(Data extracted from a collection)
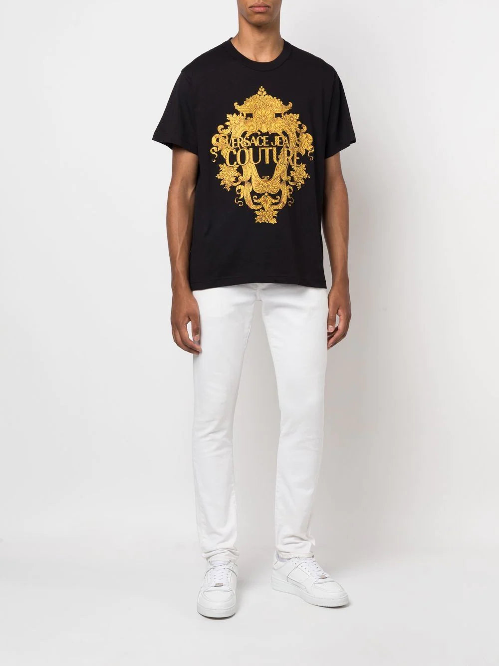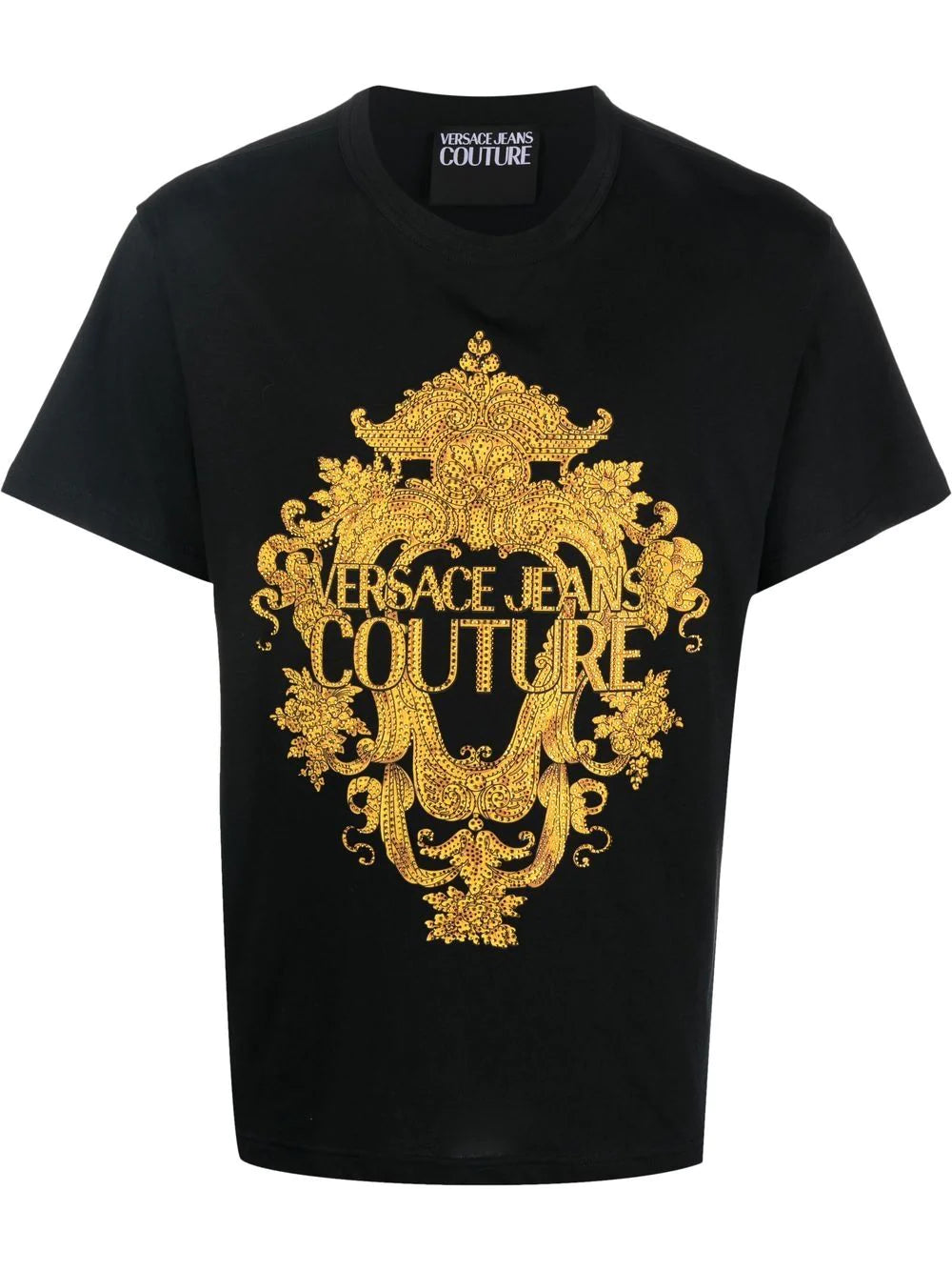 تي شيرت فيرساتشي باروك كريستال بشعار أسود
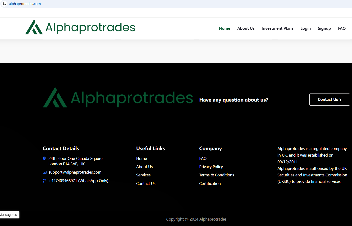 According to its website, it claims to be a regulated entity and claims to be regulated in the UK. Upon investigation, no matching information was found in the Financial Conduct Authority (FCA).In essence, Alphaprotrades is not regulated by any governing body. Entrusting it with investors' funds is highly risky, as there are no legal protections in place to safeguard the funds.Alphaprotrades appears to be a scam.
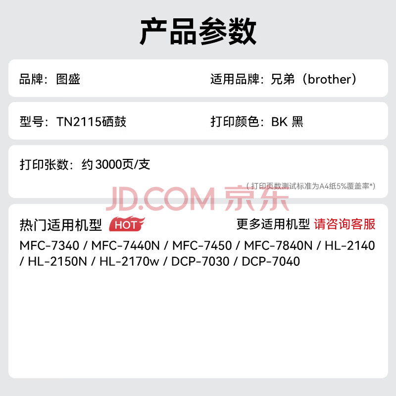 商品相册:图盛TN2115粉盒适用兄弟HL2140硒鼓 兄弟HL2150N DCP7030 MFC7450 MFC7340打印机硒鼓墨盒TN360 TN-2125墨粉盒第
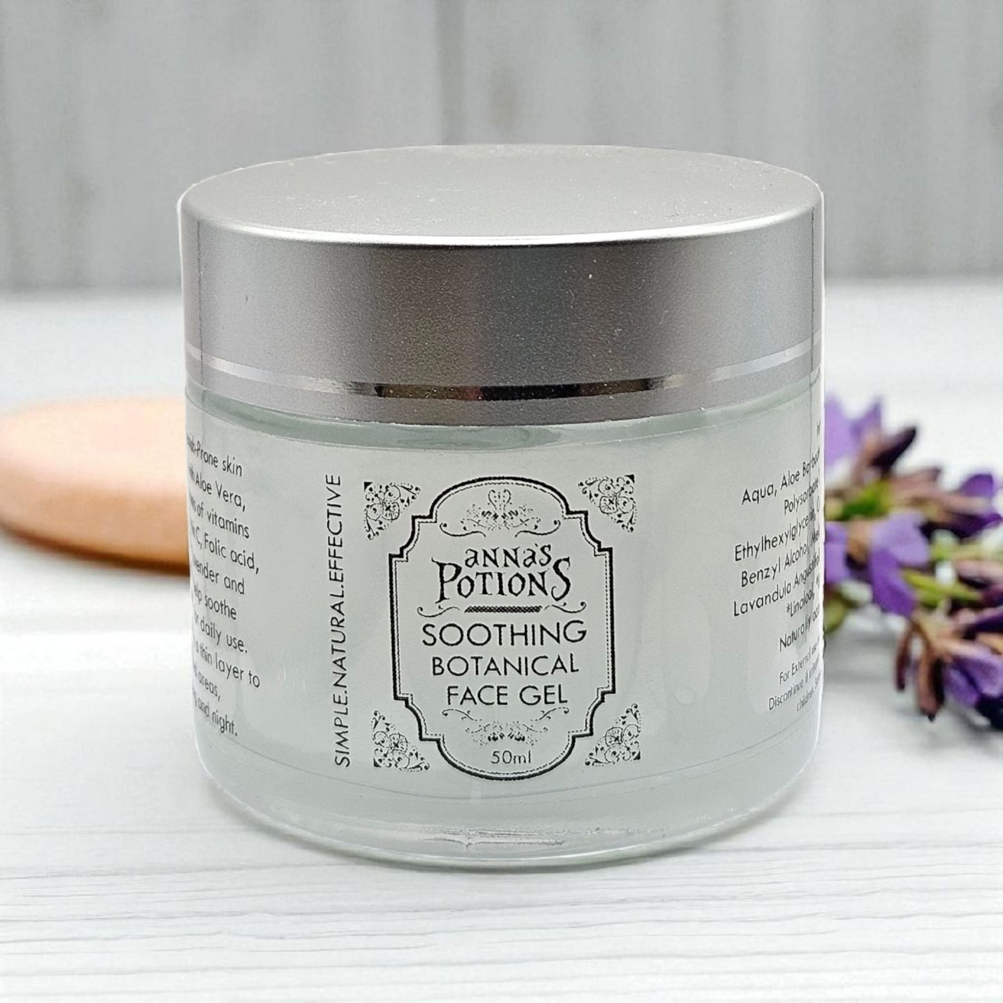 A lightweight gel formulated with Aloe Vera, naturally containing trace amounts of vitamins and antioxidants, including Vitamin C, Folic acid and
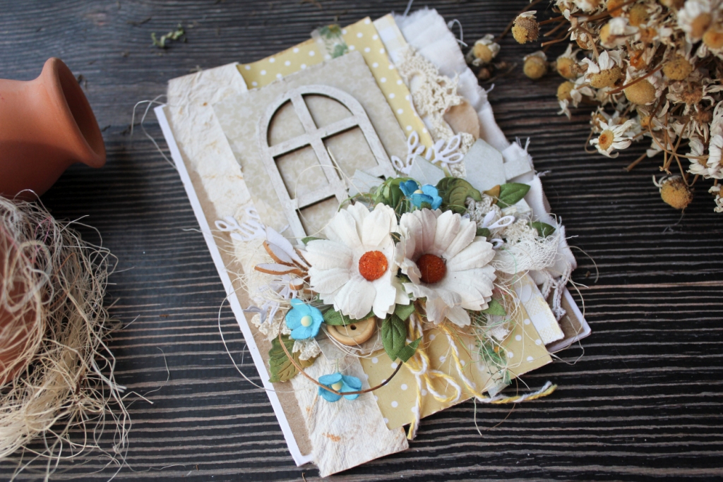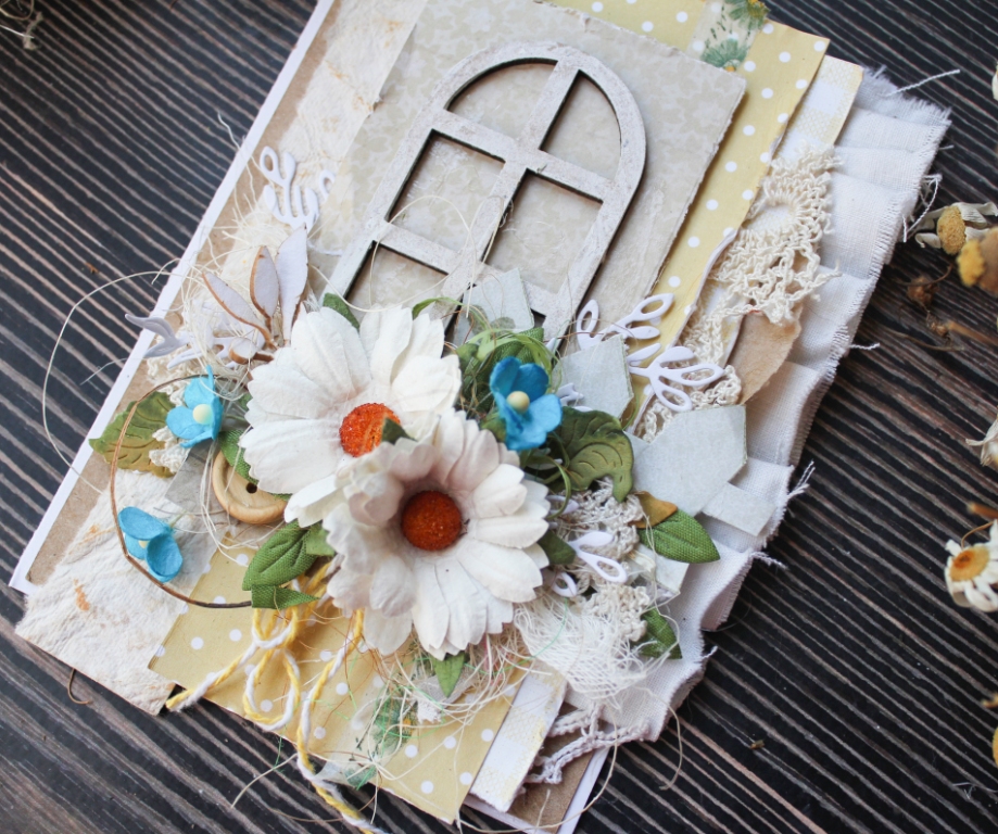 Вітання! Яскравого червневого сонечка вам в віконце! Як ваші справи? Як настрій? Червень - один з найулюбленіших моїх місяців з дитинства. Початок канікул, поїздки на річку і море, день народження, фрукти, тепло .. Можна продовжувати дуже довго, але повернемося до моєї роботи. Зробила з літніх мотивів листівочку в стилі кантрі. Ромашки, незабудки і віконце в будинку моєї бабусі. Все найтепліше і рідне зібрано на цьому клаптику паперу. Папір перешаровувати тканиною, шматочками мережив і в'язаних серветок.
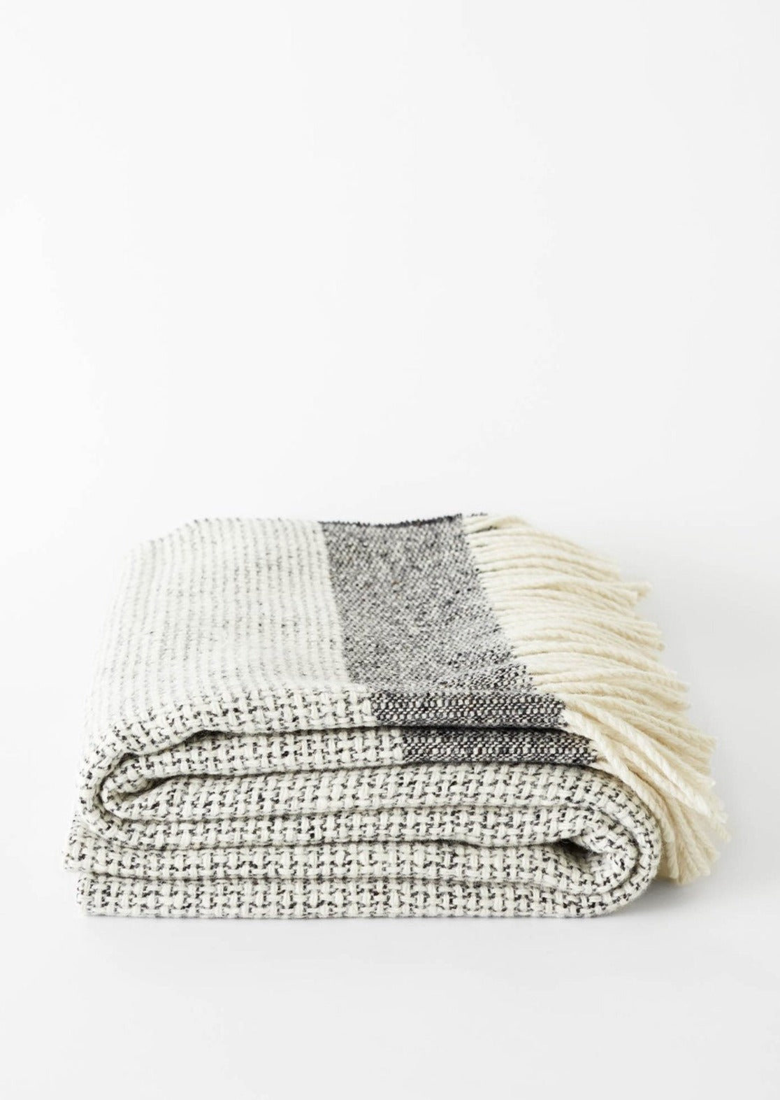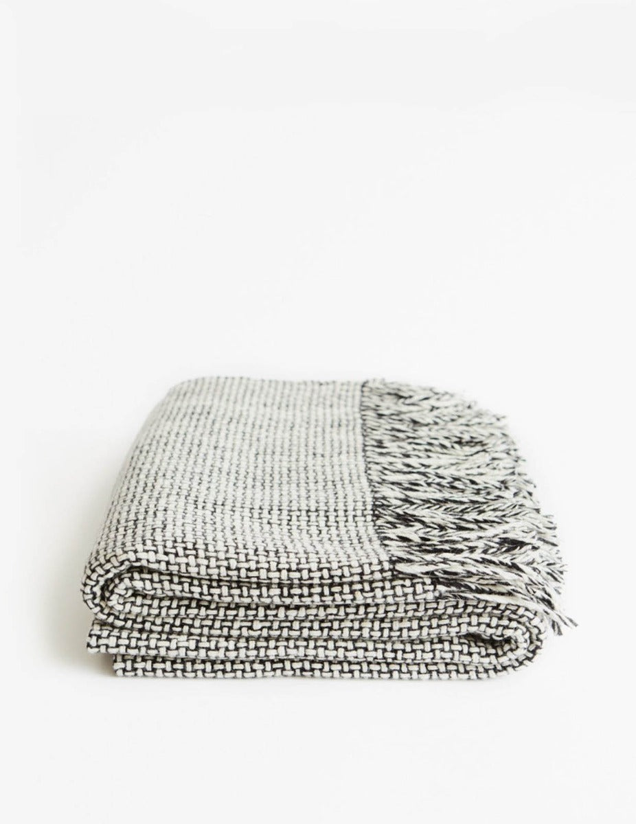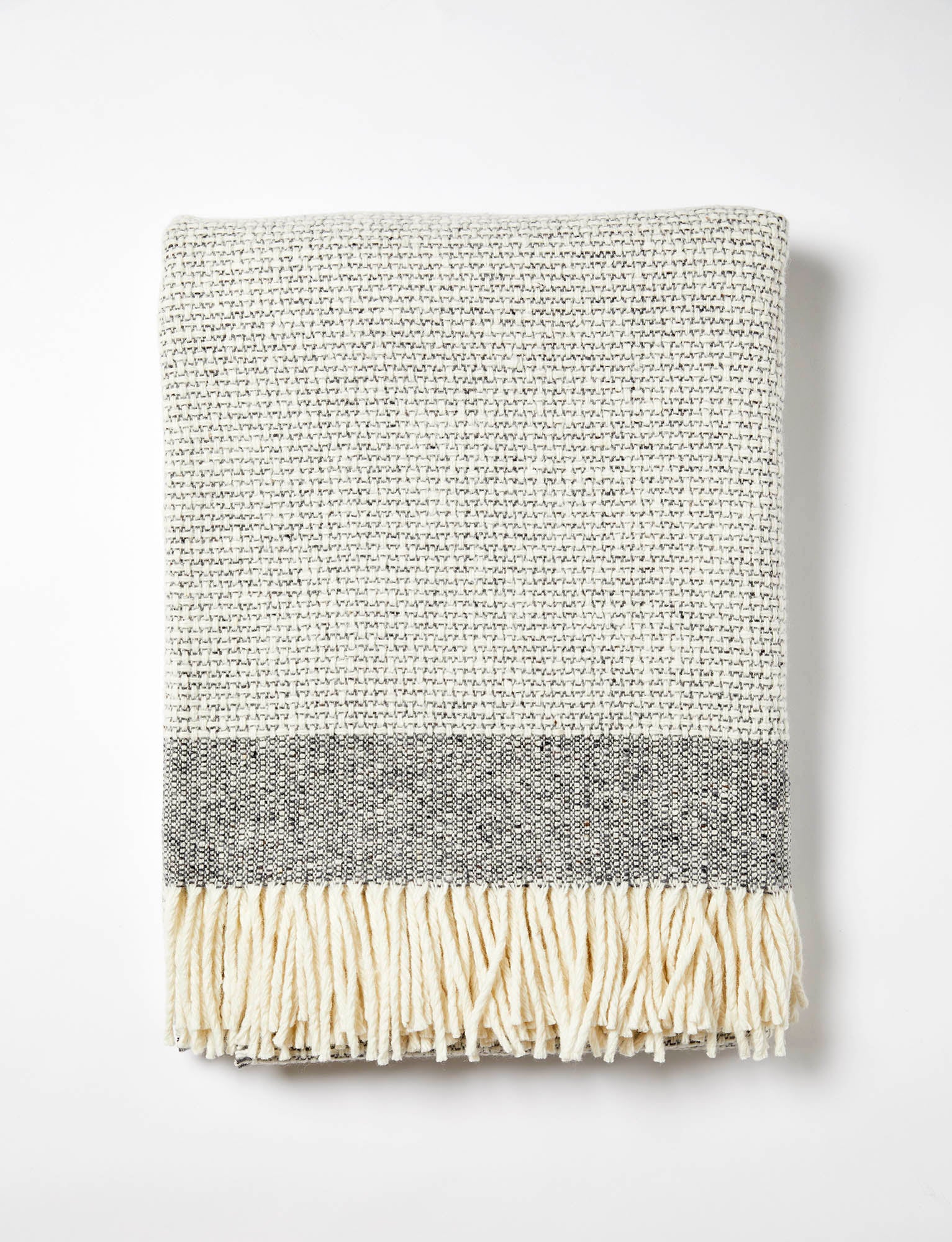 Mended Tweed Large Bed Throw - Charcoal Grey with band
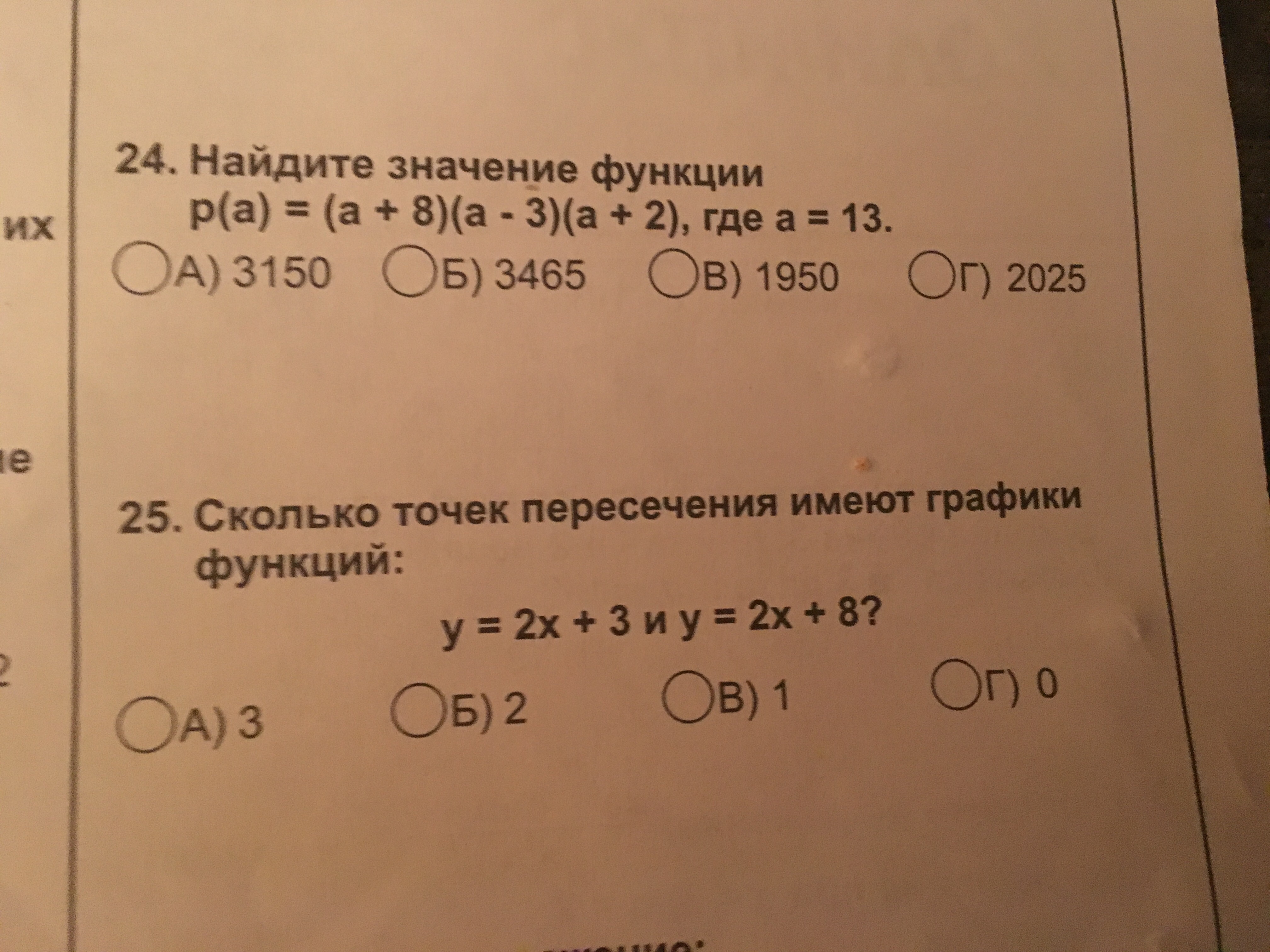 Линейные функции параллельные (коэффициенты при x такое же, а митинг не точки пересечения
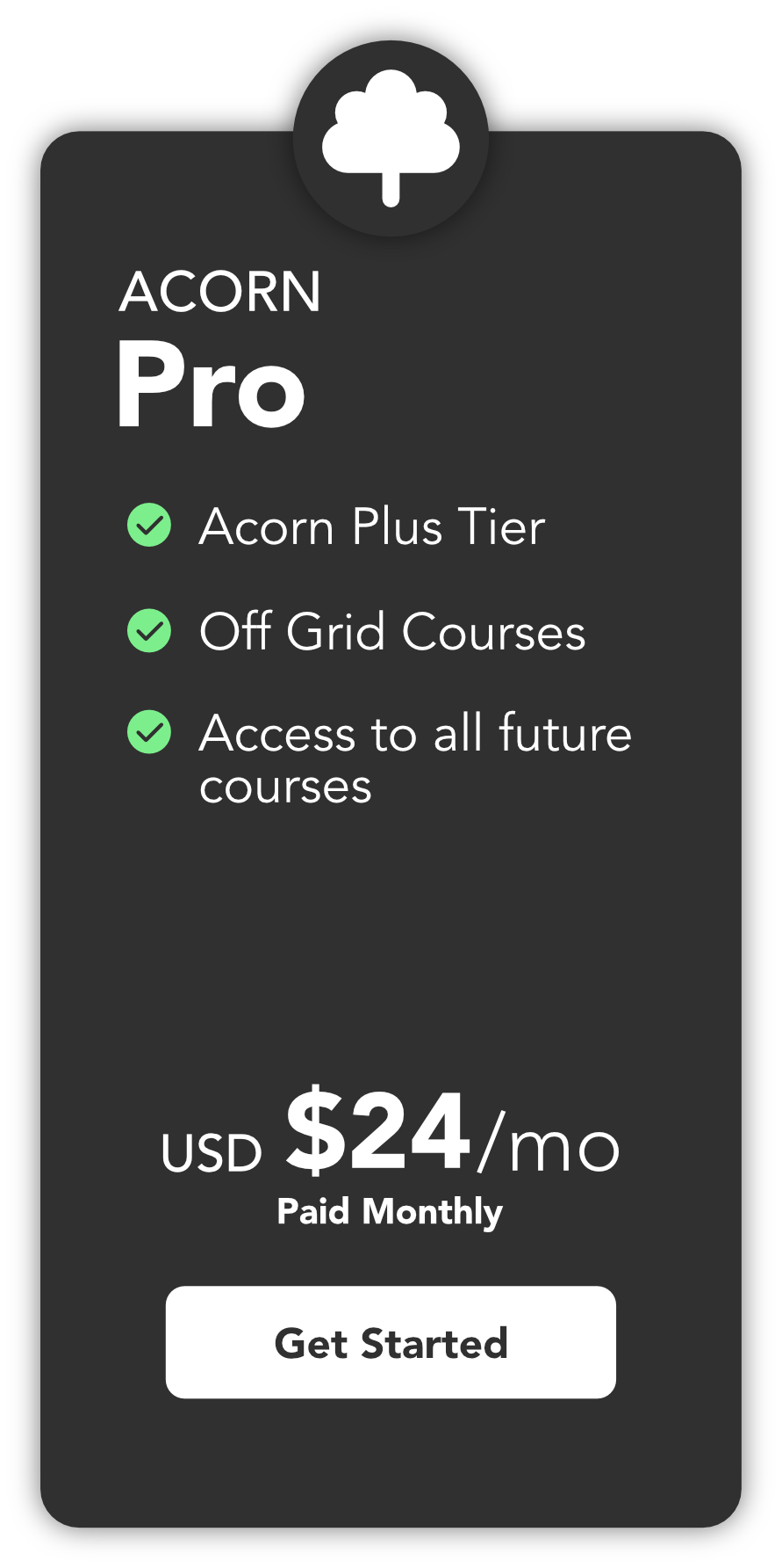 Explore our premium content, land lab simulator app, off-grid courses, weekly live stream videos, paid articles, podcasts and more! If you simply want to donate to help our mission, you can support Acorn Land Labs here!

TASK STATEMENT
"A lightweight gel" marks the first line to copy, and "Mended Tweed Large" marks the last. Repeat that stretch above exactly, with no pictures.

ANSWER TO THIS TASK
 A lightweight gel formulated with Aloe Vera, naturally containing trace amounts of vitamins and antioxidants, including Vitamin C, Folic acid and
 Вітання! Яскравого червневого сонечка вам в віконце! Як ваші справи? Як настрій? Червень - один з найулюбленіших моїх місяців з дитинства. Початок канікул, поїздки на річку і море, день народження, фрукти, тепло .. Можна продовжувати дуже довго, але повернемося до моєї роботи. Зробила з літніх мотивів листівочку в стилі кантрі. Ромашки, незабудки і віконце в будинку моєї бабусі. Все найтепліше і рідне зібрано на цьому клаптику паперу. Папір перешаровувати тканиною, шматочками мережив і в'язаних серветок.
 Mended Tweed Large Bed Throw - Charcoal Grey with band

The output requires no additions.